Client Alert | 2 min read | 10.11.07

The U.S. Court of Appeals for the Seventh Circuit restored the efficacy of a common lender protection when it determined that a yield maintenance prepayment clause was enforceable under Illinois law. The Seventh Circuit’s opinion, River East Plaza, L.L.C. v. The Variable Annuity Life Co., ___ F.3d ___, 2007 WL 2377383 (7th Cir. Aug. 22, 2007), reversed a decision made last fall by the U.S. District Court for the Northern District of Illinois, which struck a standard yield maintenance clause as an unenforceable penalty. SeeRiver East Plaza LLC v. The Variable Annuity Life Company, No. 03 C 4354, 2006 WL 2787482 (N.D. Ill. Sept. 22, 2006).

The prepayment formula at issue reduced to present value all unpaid installments of principal and interest by reference to the yield to maturity on a U.S. Treasury bond or note having a maturity date closest to the maturity date of the loan. Commenting that prepayment clauses are nothing new, the Seventh Circuit went on to distinguish penalties or liquidated damages clauses in general from alternative forms of performing contractual obligations. “In order to distinguish between the two, ‘a court will look to the substance of the agreement to determine whether . . . the parties have attempted to disguise a provision for a penalty that is unenforceable . . . . In determining whether a contract is one for alternative performances, the relative value of the alternatives may be decisive.’” River East, 2007 WL 2377383, *3 (quoting Restatement Second of Contracts § 356 cmt c.). After considering the relative values of performance alternatives, the Court found that “River East voluntarily prepaid, and by doing so River East escaped paying $13 million in interest over seventeen years by prepaying $3.8 million in 2003.” Id. at *5. The Court concluded that “[t]he relative value of the alternatives for both parties leads us to believe that the clause is not punitive in nature.” Id. at *5.

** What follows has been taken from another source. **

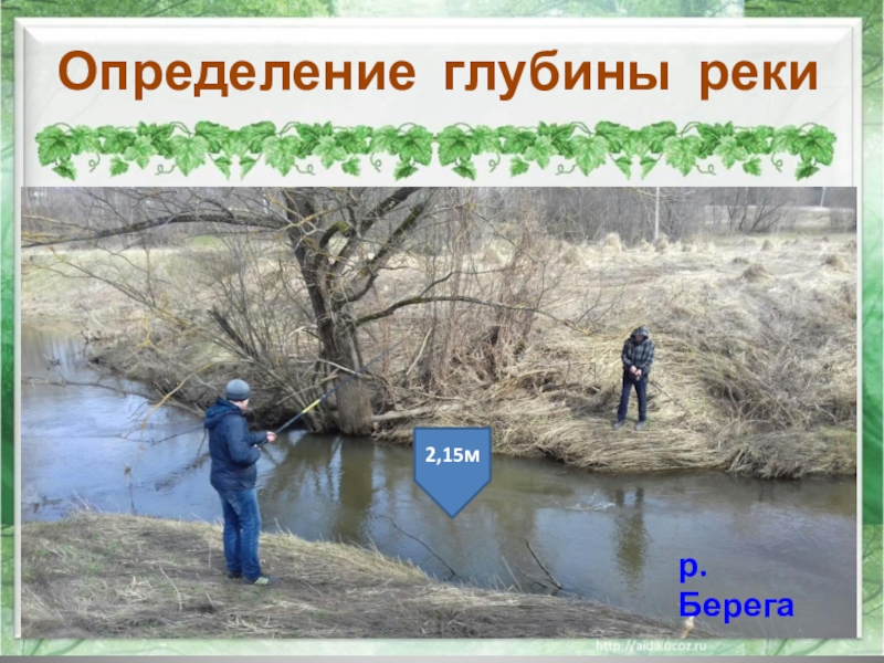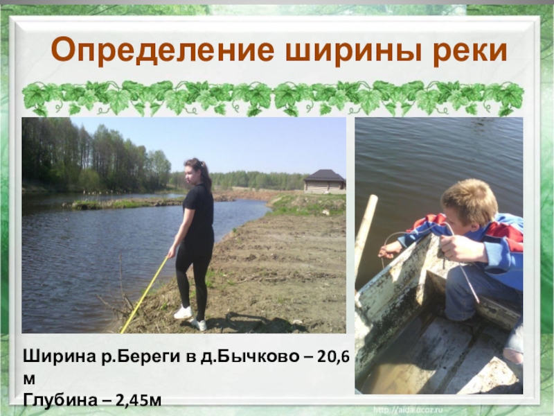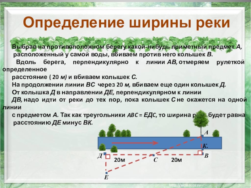 вехи С и D. Одна из девочек с часами становится позади колышка D. Другая – с пластмассовой бутылкой заходит несколько выше вехи А, бутылку бросает в воду, а сама становится позади вехи С. Обе смотрели вдоль направлений СА и DВ на поверхность воды. В тот момент, когда бутылка пересекает продолжение линии СА, первый наблюдатель взмахивает рукой. По этому сигналу второй наблюдатель засекает время первый раз и еще раз, когда бутылка пересечет направление DВ.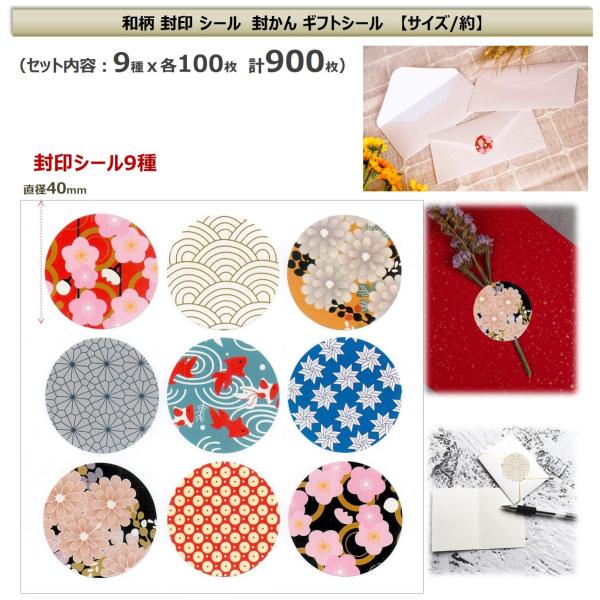 ギフトシール 招待状 案内状 お礼 感謝 Thank you シール ラベル ステッカー 封印 封かん ギフト ラッピング プレゼント(和柄9種 900枚)

In addition, the Court rejected the rubric of liquidated damages to determine if prepayment clauses are unreasonable: “Certainly under any ordinary view of the contract’s unambiguous terms, the prepayment is not a breach: the parties explicitly provided that River East would be allowed to prepay. The fee for prepaying seems a long stretch from damages for a breach if both parties entered the contract believing that the contract allowed River East to prepay.” Id. at *5. The Court also noted that Illinois cases are silent as to the application of a liquidated damages analysis to prepayment provisions.

The Seventh Circuit clearly appreciated the implications that the district court’s ruling might have in the mortgage market. In reversing the district court, the Court was “convinced that a contrary result would have broad implications for both lenders and borrowers of mortgage-secured loans in Illinois, and might inadvertently effect a wide-ranging alteration of the law of real estate financing in Illinois.” Id. at *8.